I know I’m not alone in my obsession. I’ve observed a family — we won’t mention names — whose interest in scorekeeping crosses clearly into the realm of passion. At any given moment during one of their son’s games, mom, dad, grandma, and grandpa might all have their own version of a scorebook on their laps. On a recent occasion, I even saw the younger brother (8 years old) sitting next to mom with pencil in hand entering Ks and RBIs in his own book. A future scorekeeper in training!

Carrie Shaw, the mom of two longtime Little Leaguers and a veteran scorekeeper with countless seasons under her belt, says, “I scorekeep even when I’m not a scorekeeper because I just like it, and it keeps me focused on the game.”

For me, it’s really all about the zen. It’s the concentration, the focus on detail… the need to stay present and tuned into every moment. While it can be nice to just sit in the bleachers enjoying the rhythm of a Saturday afternoon Little League game — a wild rumpus on a sunny day in the pleasant company of friends and family — for me, I appreciate even more the details, the small, tiny dramas that are playing out on many parts of the field at one time.

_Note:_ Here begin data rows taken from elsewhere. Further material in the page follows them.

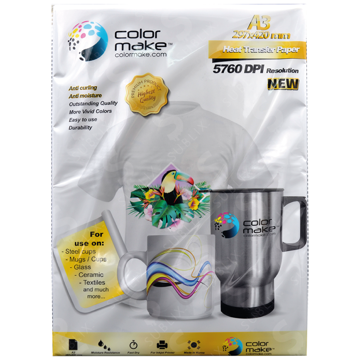 El Papel de sublimación A3 Premium Color Make es una herramienta esencial para transferir imágenes a productos promocionales con acabados impecables y secado rápido. Como transporte de la tinta, ofrece una base poco absorbente pero de excelente agarre sobre su superficie, lo que garantiza un 100% de transferencia de la misma hacia el blank u objeto destino.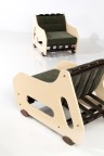 Bois lamellé collé laqué, cuir et textile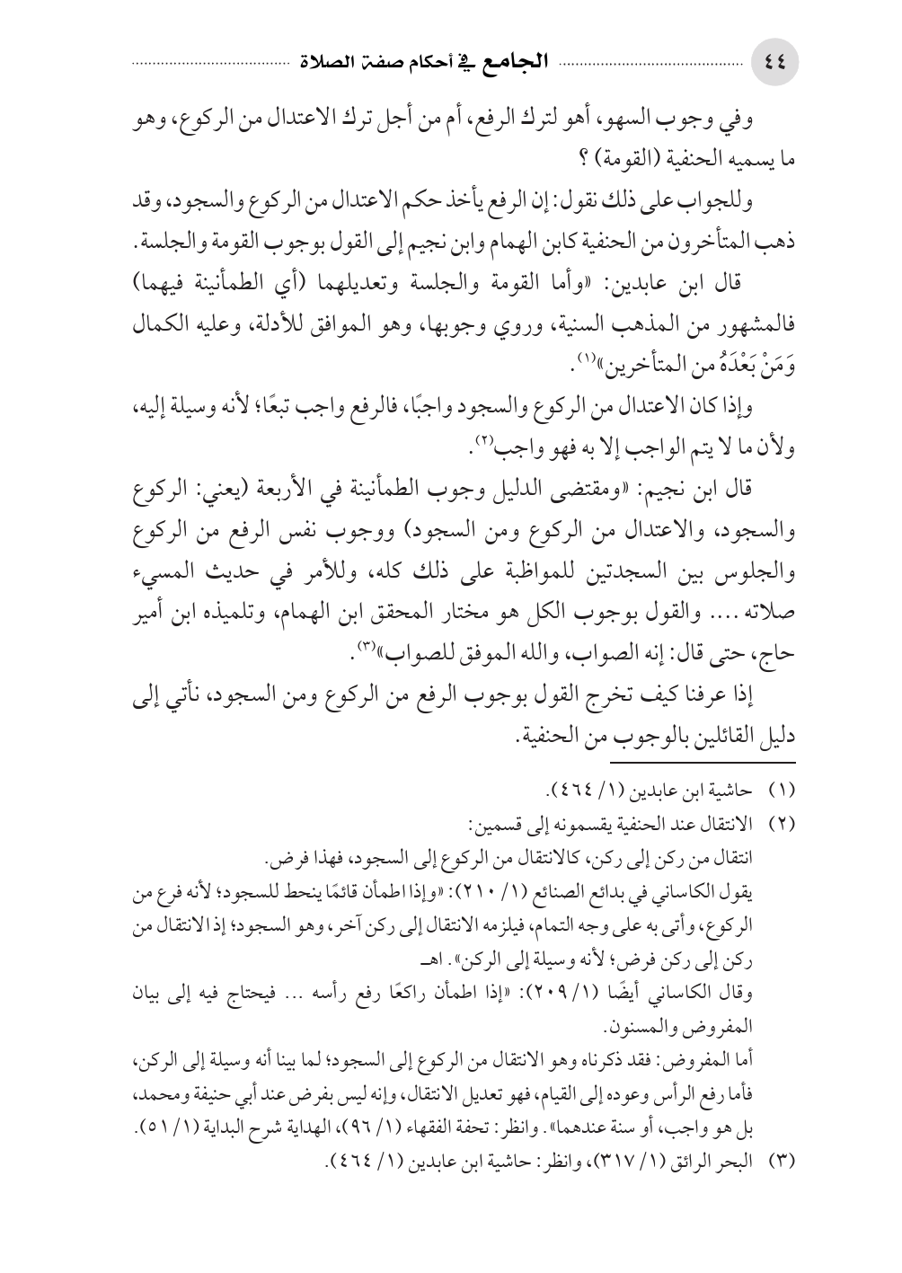 وللجواب على ذلك نقول: إن الرفع يأخذ حكم الاعتدال من الركوع والسجود، وقد ذهب المتأخرون من الحنفية كابن الهمام وابن نجيم إلى القول بوجوب القومة والجلسة.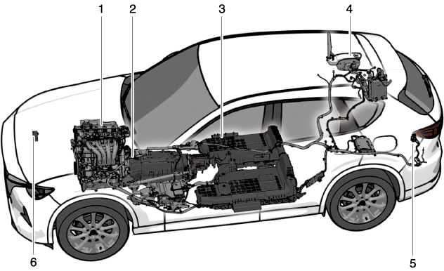 Le moteur transmet la puissance motrice aux roues en utilisant l'énergie électrique de la batterie haute tension.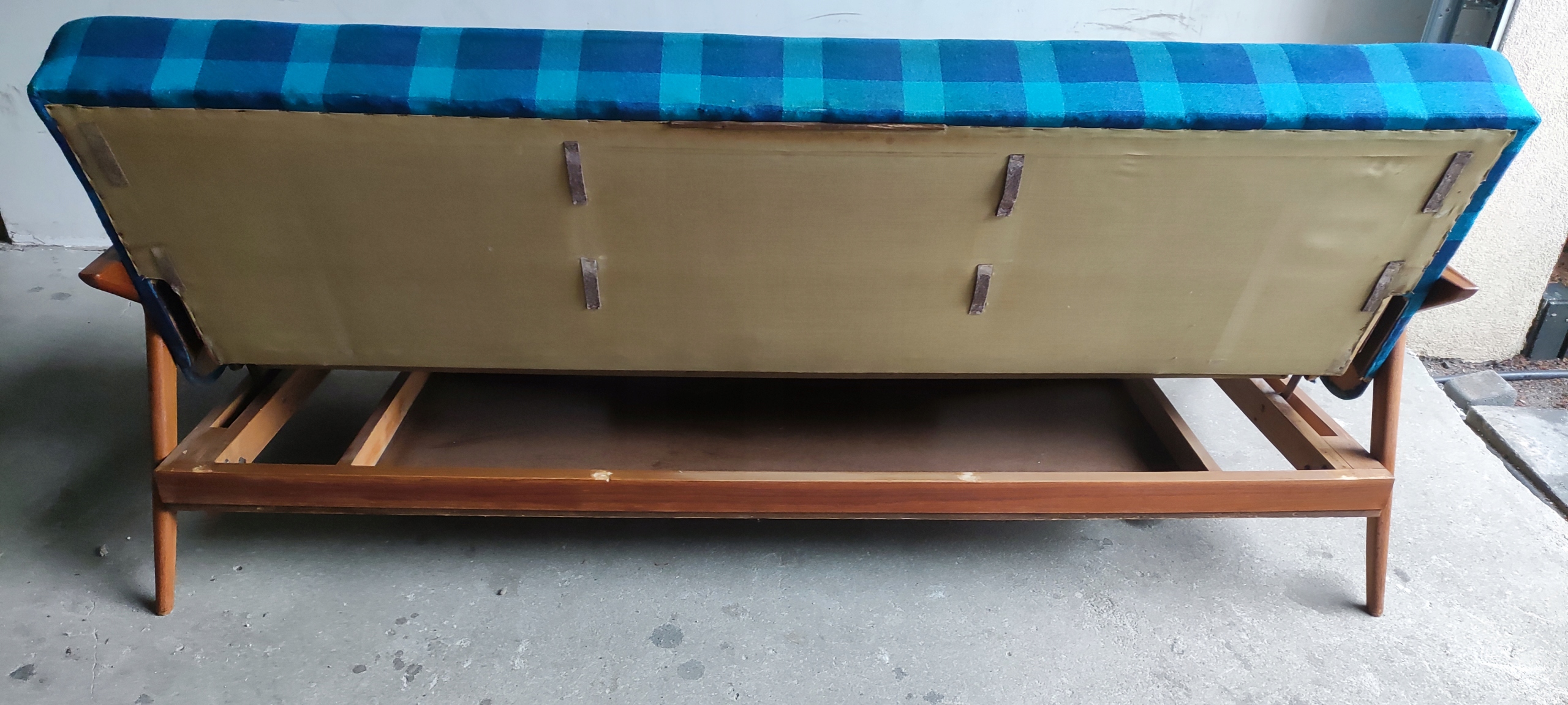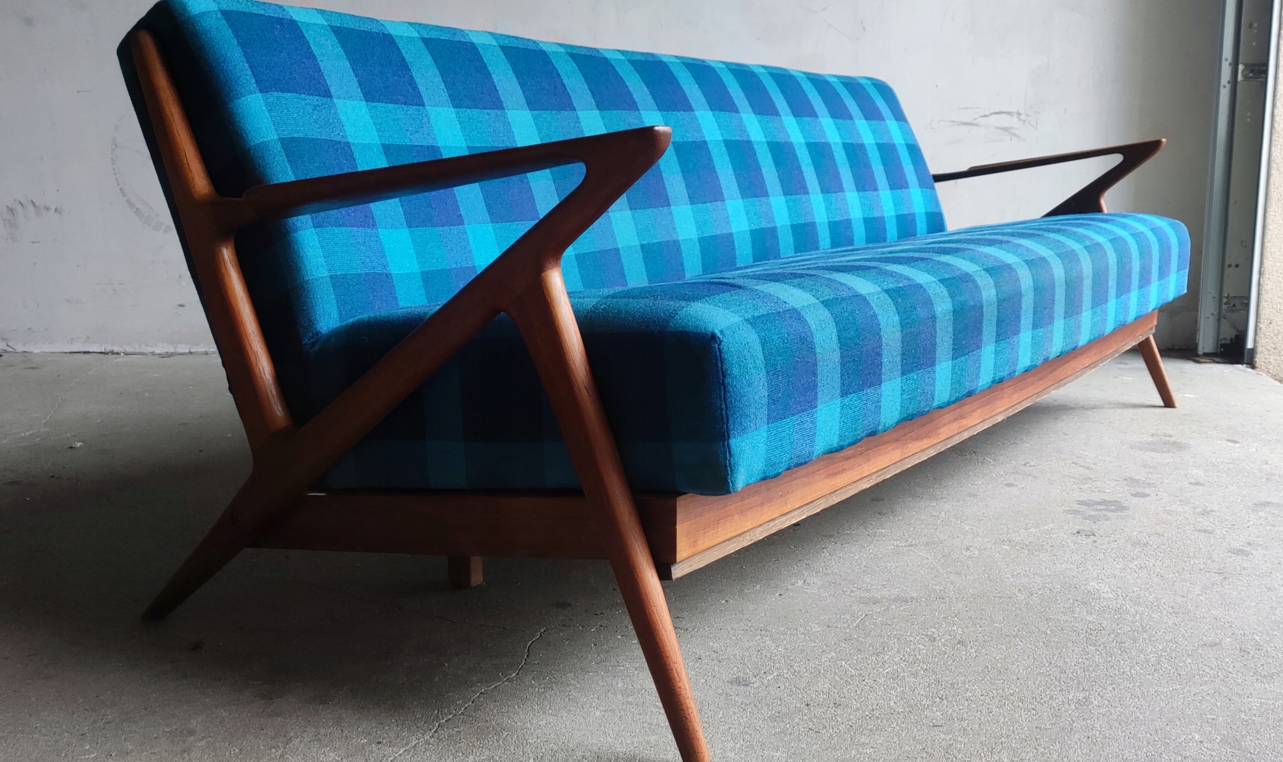 Leżanka wykonana z drewna tekowego z podłokietnikami w kształcie litery Z ,pokryta turkusową kraciastą tkaniną.

I like to see every pitch, every swing and every play. I enjoy the challenge of recording all of these events in fine detail, and love reconciling numbers in the end, like a giant sudoku puzzle, tallying columns and calculating statistics. It’s about order, precision, nuance and accuracy. Scorekeeping adds a level of depth to the experience of baseball and makes me appreciate all the more the effort the kids are putting into their game.

So, yep, absolutely, the old saying holds true: It’s not about winning or losing, it’s how you play the game.